Friday I was in Wolverhampton for the Mental Health Nurse Academics (UK) meeting. As usual the day was partly about networking and catching up with colleagues from around the UK. The lunch time talk was around whether the Chief Nursing Officer’s post at the Department of Health would become a victim of the CSR cuts. With Dame Christine Beasley expected to step down next March there was a real sense that the Coalition Government will remove the post as part of its reforms. The post holder advises the government of the day on nursing policy and provides professional leadership to nurses across England. Nursing is by far the largest element of the workforce and accounts for most of the expenditure in the NHS. Being without such a high profile nurse voice in Government would not serve the profession or service users well. Wolverhampton also provided the most bizarre moment of the week. Before getting back onto the train home, I found myself standing amidst the Wolverhampton rush hour traffic and Friday night shoppers, speaking to my boss who happened to be in India at the time. Trying to have a sensible conversation in such circumstances was difficult, and the fact we were able to even attempt to talk in this way was surreal.

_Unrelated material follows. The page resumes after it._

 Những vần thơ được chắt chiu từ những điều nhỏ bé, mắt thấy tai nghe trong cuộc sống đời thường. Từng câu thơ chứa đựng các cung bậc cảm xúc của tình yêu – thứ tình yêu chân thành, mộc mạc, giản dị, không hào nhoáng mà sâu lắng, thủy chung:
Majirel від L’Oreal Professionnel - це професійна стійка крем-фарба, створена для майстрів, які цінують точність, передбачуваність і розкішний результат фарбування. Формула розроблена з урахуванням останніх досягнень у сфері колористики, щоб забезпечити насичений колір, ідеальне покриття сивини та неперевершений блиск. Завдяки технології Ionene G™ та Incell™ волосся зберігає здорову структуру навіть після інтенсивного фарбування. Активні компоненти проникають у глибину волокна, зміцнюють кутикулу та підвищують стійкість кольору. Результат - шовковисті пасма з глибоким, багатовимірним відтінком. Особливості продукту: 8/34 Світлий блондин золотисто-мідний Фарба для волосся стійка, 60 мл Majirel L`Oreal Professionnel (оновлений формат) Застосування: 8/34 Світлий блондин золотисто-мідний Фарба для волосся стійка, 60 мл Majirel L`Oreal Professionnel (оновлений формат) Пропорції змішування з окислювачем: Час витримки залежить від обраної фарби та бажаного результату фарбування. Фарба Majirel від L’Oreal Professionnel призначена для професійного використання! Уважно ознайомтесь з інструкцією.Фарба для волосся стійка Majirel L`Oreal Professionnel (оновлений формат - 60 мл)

And the best news of the week, Aung San Suu Kyi being allowed to walk to freedom from house arrest in Burma today. It was a brilliant and breathtaking moment for both Aung San and Burma.

Sunday, 7 November 2010

Remember, remember the 7th November?

November 7th is the 311th day of the year. There are now less than 50 days left before Christmas. The 7th also brings to a close British Sausage Week and last night we cooked and ate a few as we stood around our fireworks bonfire. This year we had six or seven young children join us, and I was surprised to hear that Guy Fawkes, does not get talked about in Schools anymore and the children had no idea what the ‘Guy’ on top of the fire symbolised. It seems that some of our history is being lost.

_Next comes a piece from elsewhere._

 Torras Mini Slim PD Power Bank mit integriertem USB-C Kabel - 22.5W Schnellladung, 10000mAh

One group that does much too preserve our history and in particular our social and medical past is the Welcome Trust. The 7th November this year saw the last 'Nuns, Nurses and Nightingale's' themed tour of artefacts that trace the history of nursing, from informal care of the sick at home by family members, to a religious duty to trained vocational nurse, and ultimately to the autonomous professional we know today. I thought the focus for this event was interesting particularly as many nursing colleagues hold strong and disparaging views about the pharmaceutical industry and drug company sponsorship of training and other organisational events for health care staff.

Whilst I respect the right for others to hold these views, like most things, there are different aspects to every situation. For example, it was Sir Henry Wellcome who founded the Wellcome Trust. Wellcome co-founded a multinational pharmaceutical company. It was this company that developed many of the techniques still in use today to promote, branding and advertise medicines. Although amassing great wealth, Wellcome also funded pioneering medical research, and over the last 70 years the Welcome Trust has spent millions of pounds on research to improve our understanding of disease and to enable the development of treatments.

In January 1995, the Wellcome Trust Trustees sold most of their remaining interest in Wellcome to Glaxo, to form a new company, Glaxo Wellcome. This company merged in 2000 with SmithKlineBeecham creating GlaxoSmithKline (GSK) and its annual spend on research increased to over £650 million a year. It is an inheritance that continues to contribute to the promotion of our health and well being.

I find it somewhat amusing then that Guy Fawkes is remembered (by a certain generation at least) in somewhat fond terms, yet he was a villain and a very unpleasant man. Unhealthy we tend to celebrate the 5th of November (Fireworks night) with fireworks and bonfires, baked potatoes, hotpot and treacle toffee and usually copious amounts of alcohol. Yet Sir Henry Welcome and all that he stood for, and the legacy he left for us all is often seen in such prejudiced terms because of perceptions of the relationship between profit and exploitation. Perhaps philanthropy (Sir Henery) like religion (Guy Fawkes) will always give rise to much misunderstanding.